**WHAT TO DO**
Write again exactly the lines in the listing below, starting at the line with "- Zwiebel von" and ending at the line with "Discover a range", both included. Pictures are not copied.

**THE RECORDS**
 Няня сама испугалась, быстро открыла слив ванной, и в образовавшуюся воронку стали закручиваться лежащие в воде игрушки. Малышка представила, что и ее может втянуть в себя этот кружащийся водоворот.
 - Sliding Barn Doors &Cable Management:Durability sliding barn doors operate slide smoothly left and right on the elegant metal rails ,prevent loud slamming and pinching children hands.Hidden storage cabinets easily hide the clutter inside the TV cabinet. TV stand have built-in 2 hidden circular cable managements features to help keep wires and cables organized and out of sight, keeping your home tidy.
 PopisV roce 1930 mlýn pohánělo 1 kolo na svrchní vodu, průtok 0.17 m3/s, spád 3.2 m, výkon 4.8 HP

--

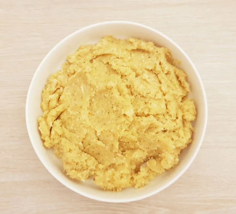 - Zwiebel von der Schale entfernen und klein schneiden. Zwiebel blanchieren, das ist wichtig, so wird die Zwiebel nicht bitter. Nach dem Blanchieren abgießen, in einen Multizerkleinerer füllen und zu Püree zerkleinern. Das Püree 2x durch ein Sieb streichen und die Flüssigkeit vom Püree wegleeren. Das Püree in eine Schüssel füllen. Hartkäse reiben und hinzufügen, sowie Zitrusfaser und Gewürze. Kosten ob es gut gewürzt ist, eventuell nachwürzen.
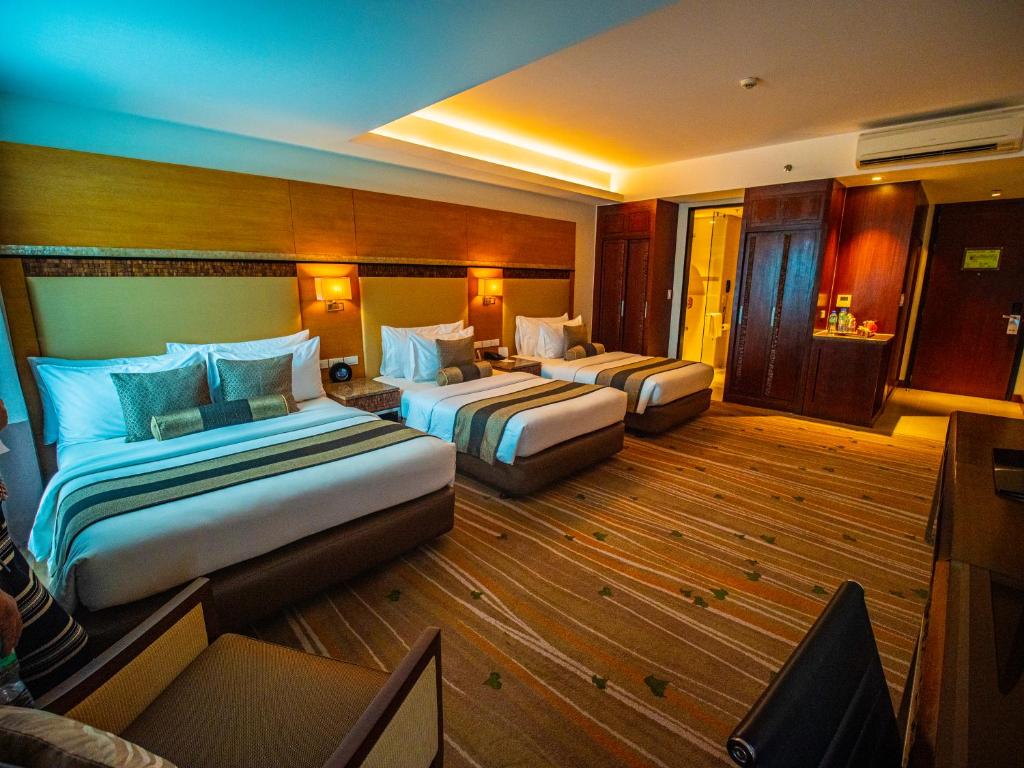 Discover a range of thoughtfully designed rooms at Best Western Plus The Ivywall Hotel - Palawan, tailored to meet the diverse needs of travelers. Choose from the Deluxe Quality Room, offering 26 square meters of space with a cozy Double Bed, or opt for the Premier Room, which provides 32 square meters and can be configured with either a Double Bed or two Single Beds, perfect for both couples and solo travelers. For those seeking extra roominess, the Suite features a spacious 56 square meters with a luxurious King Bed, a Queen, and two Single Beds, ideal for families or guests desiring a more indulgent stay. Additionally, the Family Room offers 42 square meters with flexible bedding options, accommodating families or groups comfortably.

**RESPONSE**
 - Zwiebel von der Schale entfernen und klein schneiden. Zwiebel blanchieren, das ist wichtig, so wird die Zwiebel nicht bitter. Nach dem Blanchieren abgießen, in einen Multizerkleinerer füllen und zu Püree zerkleinern. Das Püree 2x durch ein Sieb streichen und die Flüssigkeit vom Püree wegleeren. Das Püree in eine Schüssel füllen. Hartkäse reiben und hinzufügen, sowie Zitrusfaser und Gewürze. Kosten ob es gut gewürzt ist, eventuell nachwürzen.
 Discover a range of thoughtfully designed rooms at Best Western Plus The Ivywall Hotel - Palawan, tailored to meet the diverse needs of travelers. Choose from the Deluxe Quality Room, offering 26 square meters of space with a cozy Double Bed, or opt for the Premier Room, which provides 32 square meters and can be configured with either a Double Bed or two Single Beds, perfect for both couples and solo travelers. For those seeking extra roominess, the Suite features a spacious 56 square meters with a luxurious King Bed, a Queen, and two Single Beds, ideal for families or guests desiring a more indulgent stay. Additionally, the Family Room offers 42 square meters with flexible bedding options, accommodating families or groups comfortably.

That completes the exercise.